Bir söz var “altın yere düşmekle değerinden bir şey kaybetmez” diye ama Galatasaray bu sezon yaptıklarıyla bu konudaki şansını fazlasıyla zorladı ve zorlamaya da devam ediyor.

Galatasaray’ın bu sene lige çok erken havlu atması elbette ki sarı kırmızılı camia için oldukça üzücü bir durumdu ancak bu durum, aynı zamanda Galatasaraylı teknik heyet ve yöneticilere çok önemli bir de fırsat veriyordu: takımı önümüzdeki dönemlere hazırlamak. Bu düşünce bir nevi “Polyannacılık” olarak düşünülebilir ama inanın başa güreşmiyorsanız, iki arada bir derede kalmaktansa şampiyon olunamayacak olmanın belli olması ve yeni sezonlar için hazırlık yapabilme fırsatı, yıpranan rakipler karşısında oldukça önemli bir avantajdır.

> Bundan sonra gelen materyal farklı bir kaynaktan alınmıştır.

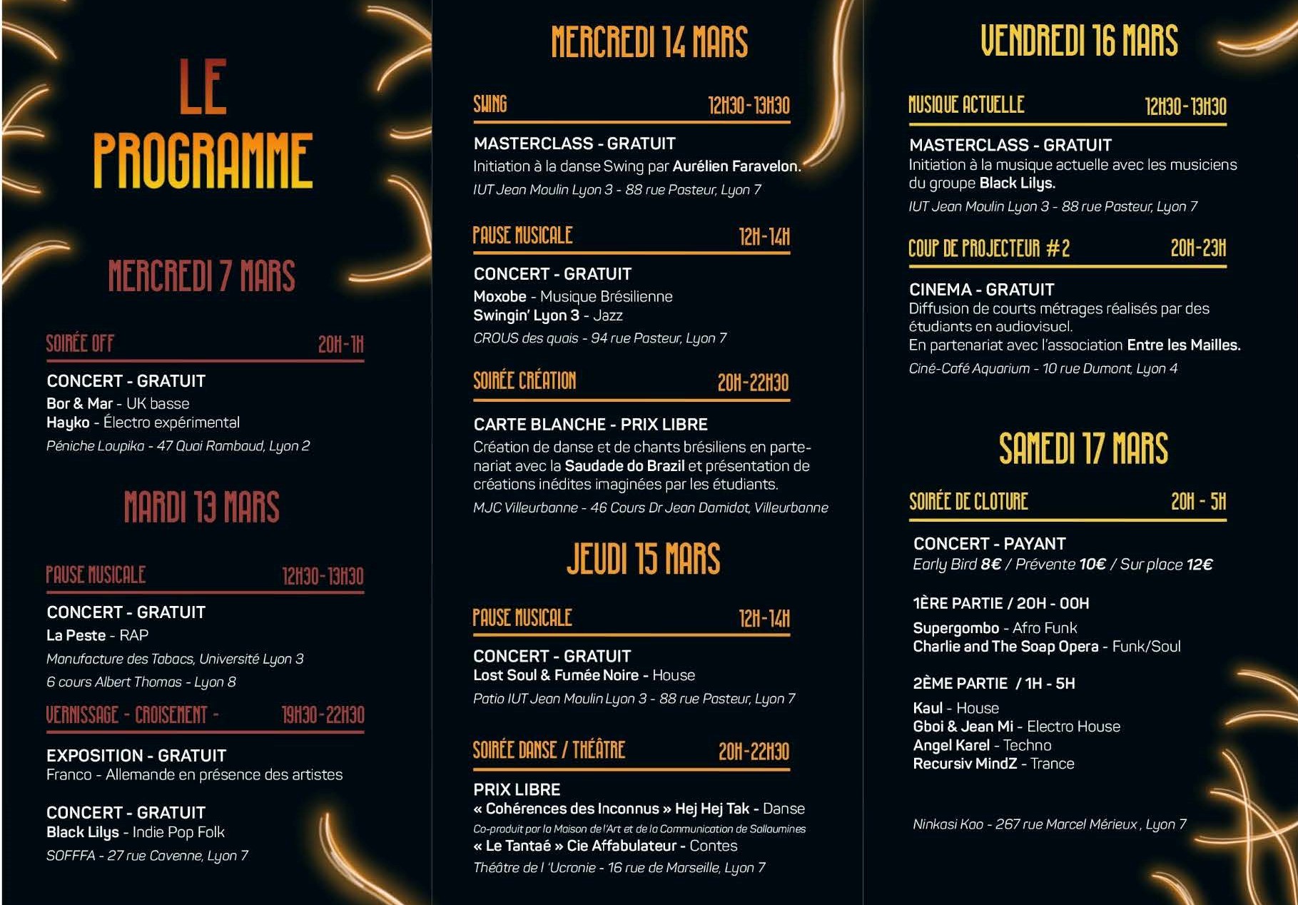 Organisé par et pour des étudiants, ce festival d’art pluridisciplinaire propose chaque année un programme de qualité, riche et varié. Son objectif ? Mettre en avant les talents artistiques des étudiants aux côtés de ceux d’artistes professionnels.
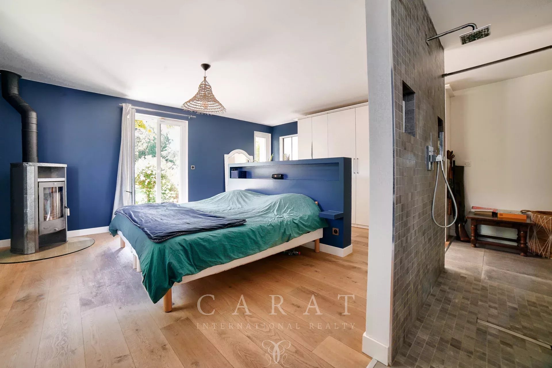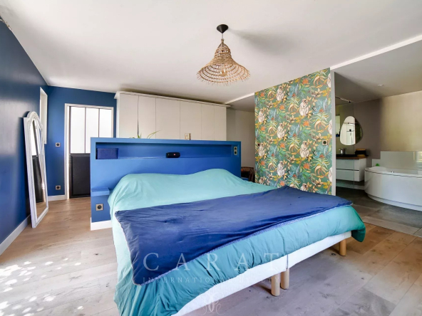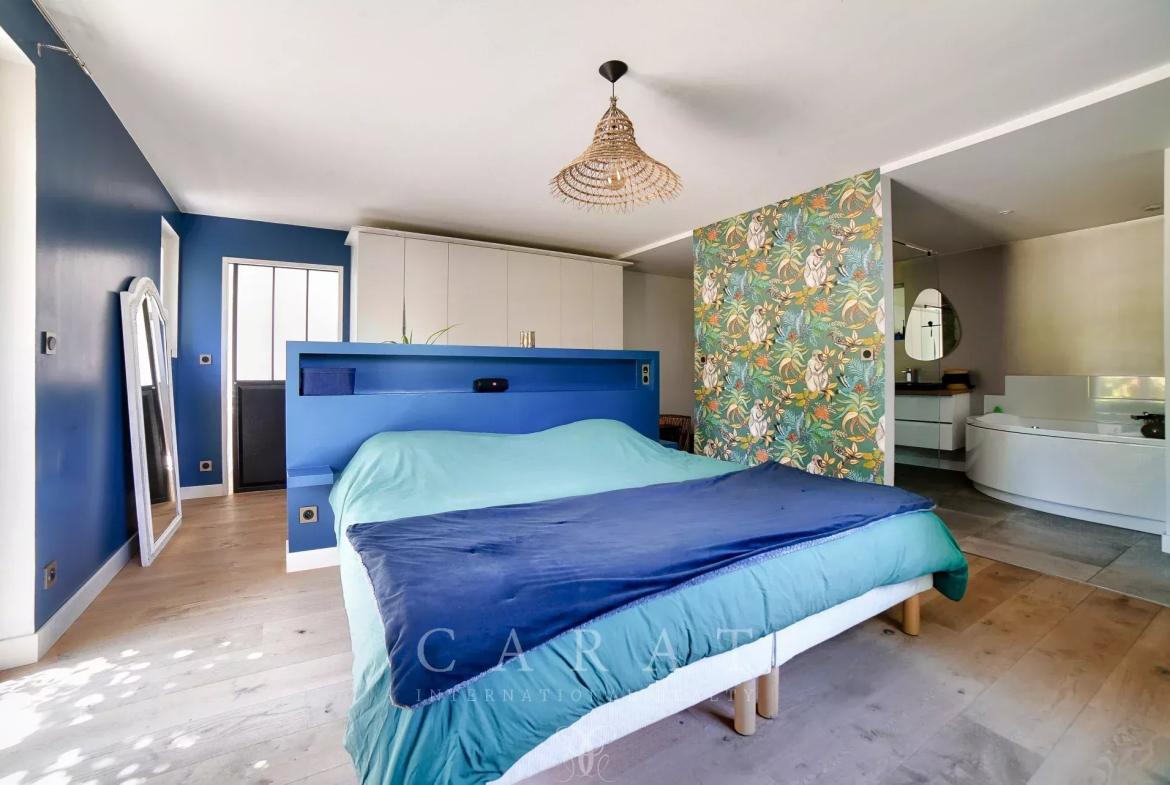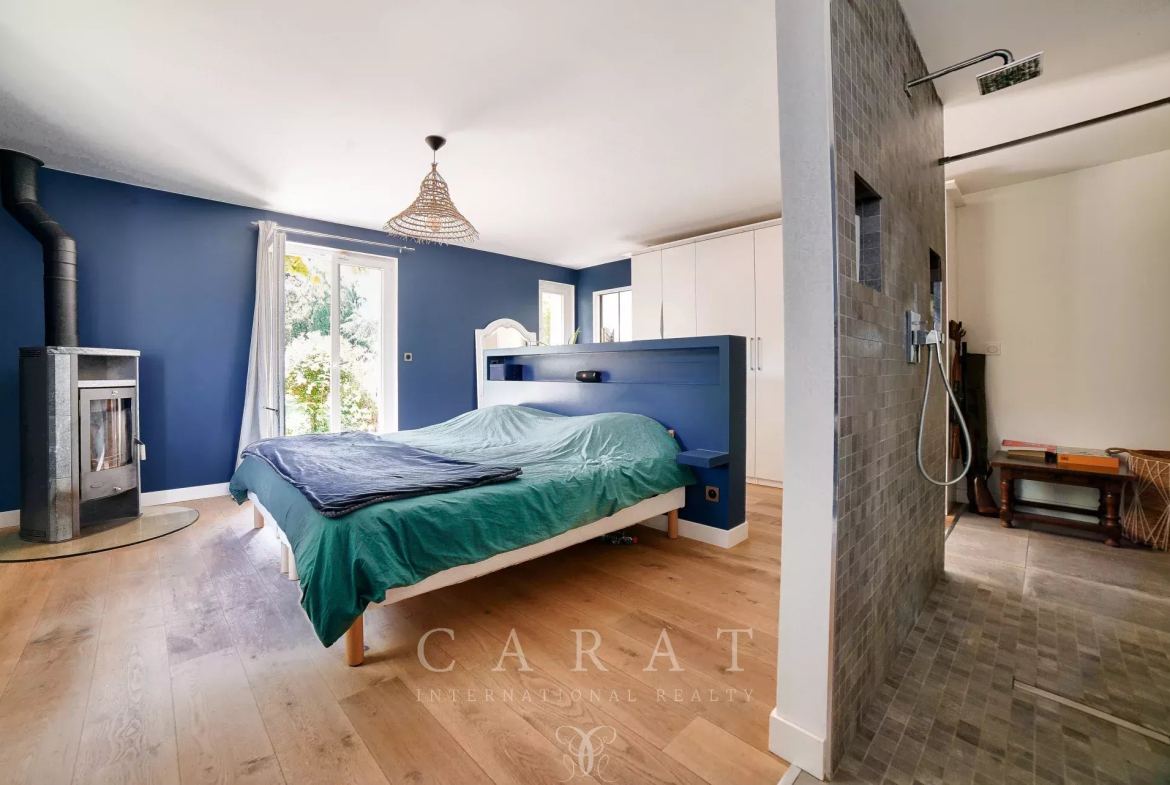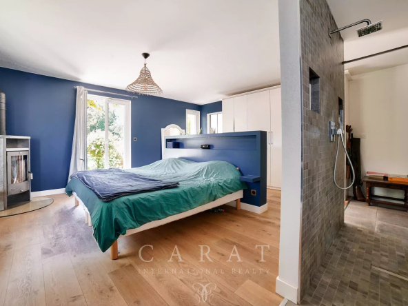 5 chambres : Incluant une suite parentale de plain-pied avec dressing, salle de bains et toilettes. Deux chambres avec salles d’eau privatives, une chambre avec salle d’eau indépendante, un grand bureau (cinquième chambre).

Fakat gelin görün ki Galatasaray için filmin sonunun belli olduğu haftalardan bugünlere kadar aylar geçti fakat bu sürede bırakın yatırım yapmayı, sarı kırmızılılar rakiplerine oranla çok daha fazla yıprandı. Bu yıpranmaya neden ararsanız kadronun yetersizliği, Arda’nın problemleri, teknik direktör yanlışları gibi oldukça uzun bir liste hazırlayabilirsiniz ama bu konuda yine kitap gibi bir atasözümüz var: “balık baştan kokar.”

Galatasaray’ın bugünkü durumu için “tarihinin en kötü dönemi” demek yetersiz daha doğrusu anlamsız kalıyor. Bunun yerine sarı kırmızılıların durumunu tarif etmek için takımın daha tamamlanmamış ligde 16 yenilgi aldığını, ligin en az gol atan dördüncü takımı olduğunu ve küme düşmese de taraftarına bu konuda parmak hesabı yaptırdığını yüksek sesle dile getirmek gerekir ki bu durumların birinci derecede müsebbibi Galatasaraylı yöneticilerdir.

Büyük takımılar için kötü dönemler her zaman olmuştur ve olacaktır ama futbolda her yeni karşılaşmanın takımılara bir toparlanma şansı vermesi ve derbilerde bu şansın tam bir fırsata dönüşmesi sayesinde büyük takımılar, kadro olarak güçlü olmasalar dahi, gerek taraflarlarının gerekse sadece formalarının gücü ile bir şekilde düzlüğe çıkmayı başarmıştır. Fakat bunun yapılabilmesi için tek şart yönetim ile takımı arasındaki bağın hala canlı olması bir başka deyisle kulübün sorunlarının sadece futbola dair olmasıdır. Bugün Galatasaray’da skandal şekilde yapılan kongreler, yöneticilerin göreve devam etmekle hapse girmek gibi çok geniş bir bant aralığında seyreden belirsiz durumları ve tam anlamıyla kulüpte yaşanan başıbozukluk en önemlisinden detayına kadar tüm alanlarda bir çözümsüzlüğe neden oluyor.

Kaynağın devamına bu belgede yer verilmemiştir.